Charlie O’Donnell of First Round Capital closed the Festival with this talk (link when available) about the long term view and personal engagement required to build an ecosystem that will sustain your career path in startups over time. He worked all three of the core components of a healthy startup ecosystem: he founded and worked for solid startup teams that produced economic value (Path 101), he put personal effort into supporting the community launchingnextNY, and he has provided capital (Union Square & First Round) to amplify break through teams and provide the economic fuel that sustains the cycle.

This ties to the evolutionary nature of the startup ecosystems. Too often I hear Canadians bemoan the lack of risk capital in our startup industry. The ‘Catch22’ paradox is what it is to be an entrepreneur, solving this problem is a big component of what it is to be successful.

I see a six phase process to developing a robust startup ecosystem:

  1. Community, people & teams rally around one another to support the creation of new companies
  2. Solid Companies emerge
  3. Companies generate exits
  4. Anchor companies emerge
  5. Risk Capital becomes local & more available
  6. People & Capital begin to cycle through the phases consistently.

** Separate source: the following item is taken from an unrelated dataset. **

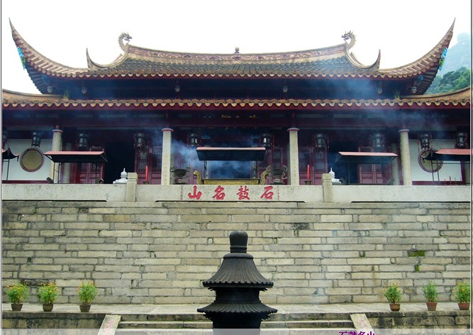 石鼓名山坊新建于1972年,各路游人匯集于此,即可進入山門,但有一事奇怪,無論是步行,乘車還是坐纜車,即使進了山門,沿途都看不到規模宏大的涌泉寺蹤影。原來,這是涌泉寺獨特的建筑構思。整個寺院依山度勢,建在白云峰的頜處。堪輿行家稱為“燕窩穴”。全寺藏而不露, 素有“進山不見寺,進寺不見山”之稱。

A couple basic rules I have discovered to frame this, Investors invest in what they know, and Risk Capital flows to Innovation & and proven operators. These two rules beget a conclusion that I believe important to the successful development of an ecosystem; it is up to entrepreneurs to own all six phases of the process.

We need to…

  • Build our community, not the government (etc.).
  • Create solid teams by any means necessary (overcome the catch22!).
  • Produce shareholder value.
  • Build disruptive companies.
  • Bring back exited entrepreneurs & successful VC’s to re-invest returns back into the process.
  • Find people to choose Startups as a career and continually add value in the ecosystem over 10 – 20 years.

Final Thoughts

I will address Toronto, where I live and spend my time. We are generally in phase 2 of this process, we have some exceptions like Workbrain in phase 3, but for the most part, Toronto is still searching for startups to exit in 9 figures or build anchor companies like RIM in Waterloo (current issues set aside). Workbrain has driven the creation of several phase 2 companies like Dayforce, I Love Rewards and Rypple that are re-investing money, knowledge, and most importantly people from that successful exit back into the startup ecosystem. Companies like Freshbooks seem on a trajectory to build a Toronto Anchor company that will provide the critical mass of highly skilled entrepreneurs to fuel the growth of earlier phase startups.  Montreal is providing an excellent example on the capital side with Year One LabsReal Ventures and iNova who are driving capital into their local ecosystem.  In short, we still have a long way to go, and key work still is needed to solidify the foundation of phase 1 our community.

I think we need to put community effort into slowly shifting the Toronto attitude towards failure, to one that is productive and encourages innovation. I think the strength and growth of the Lean Startup Movement through groups like LeanCoffeeTO is a key starting point for this shift. Lean is a great way to learn how to ‘fail well’ and the meetup group provides a supportive environment to share experience both good and bad. So many businesses fail at failing, let’s get better at it.

I invite you to share your thoughts.